Breast cancer is the most frequently diagnosed non-cutaneous cancer among women. Only lung cancer is responsible for more deaths among women in the United States. However, the survival rate for women with localized breast cancer has increased from 80% in the 1950s to 98% today.
Only 5-10% of breast cancers are due to heredity. The majority of women diagnosed with breast cancer have no known significant family history or other known risk factors.
Breast cancer among men is increasing and more than 2,000 men will be diagnosed this year. While African American women are less likely to be diagnosed with breast cancer, they are more likely to die from the disease.
The most proven and significant risk factors for getting breast cancer are being female and getting older. The median age at the time of diagnosis is 61 years old.
The most widely accepted breast-screening procedure today is X-ray based film/screen and/or full field digital mammography. However, despite the proven benefits of mammography, visualization of cancers in dense breast tissue through the use of mammography is limited, resulting in missed cancers or in the discovery of later stage cancers. Some 40% of women in Europe and the U.S have some amount of dense breast tissue. In Asia, the numbers rise to 60-70%. Breast cancer risk can be 4-6 times higher for women with significant breast densities compared to women with no dense structures.

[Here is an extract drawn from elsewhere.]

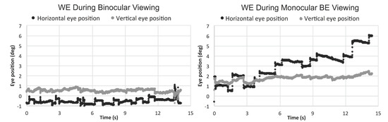 Horizontal and vertical eye position of the WE (worse eye) during binocular and monocular WE viewing for the 15s fixation period.

Below is an example of a breast cancer in a woman with fatty breast tissue (non-dense). The white tumor in the left breast (Lt MLO) is easy to visualize against the dark gray and black fatty tissue.

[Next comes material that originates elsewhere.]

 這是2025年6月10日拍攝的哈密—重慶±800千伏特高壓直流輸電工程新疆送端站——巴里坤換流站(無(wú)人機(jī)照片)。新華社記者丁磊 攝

Comparatively, the mammogram below is from a woman with dense breast tissue. The dense tissue appears white, just like a tumor would appear, making breast cancers difficult for a radiologist to identify. This is why up to 50% of breast cancers are missed by mammography in women with dense breasts.

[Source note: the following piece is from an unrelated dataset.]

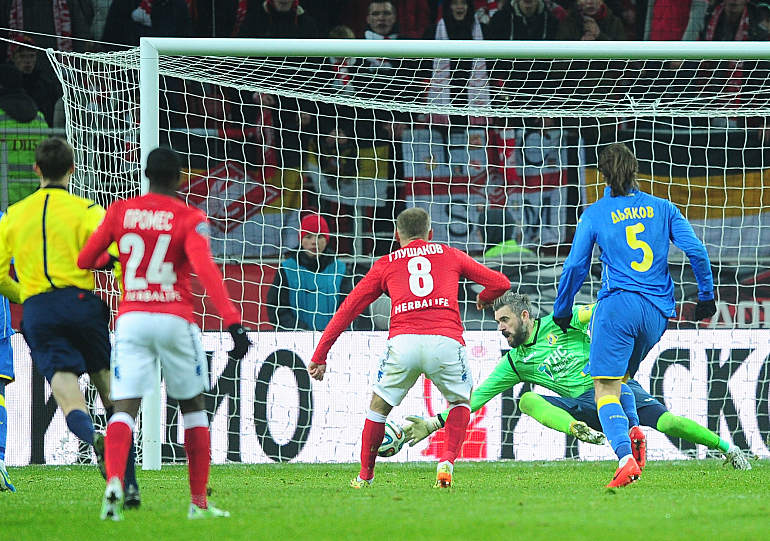Наверное, из гола "Спартака" можно было бы сделать какой-нибудь глубокомысленный вывод. Мол, сыграли низом, через центр, и вот он, результат. Еще как-нибудь приплести Широкова, который начал атаку. Но все-таки этот мяч видится скорее стечением обстоятельств, чем итогом какого-то замысла. А кроме того, пас Эберта, вышедшего на замену, Глушаков принял чуть ли не шеей.

U-Systems ABUS technology is designed to be an effective solution to the clinical problem of dense breast tissue. With a 3D ultrasound volume and U-Systems software, the radiologist can quickly look through hundreds of breast tissue image "slices", virtually peeling back the layers of dense tissue to find breast cancers which may have been hidden by that dense tissue on the mammogram.

A single Coronal slice from an ABUS exam of a patient with dense breast tissue and normal mammography. The nipple is marked in yellow and the tumor, which resembles a black hole on ultrasound, is visible in the eleven o'clock position (11:00) of the image. Because of the increased breast density, this tumor was not visible on mammography.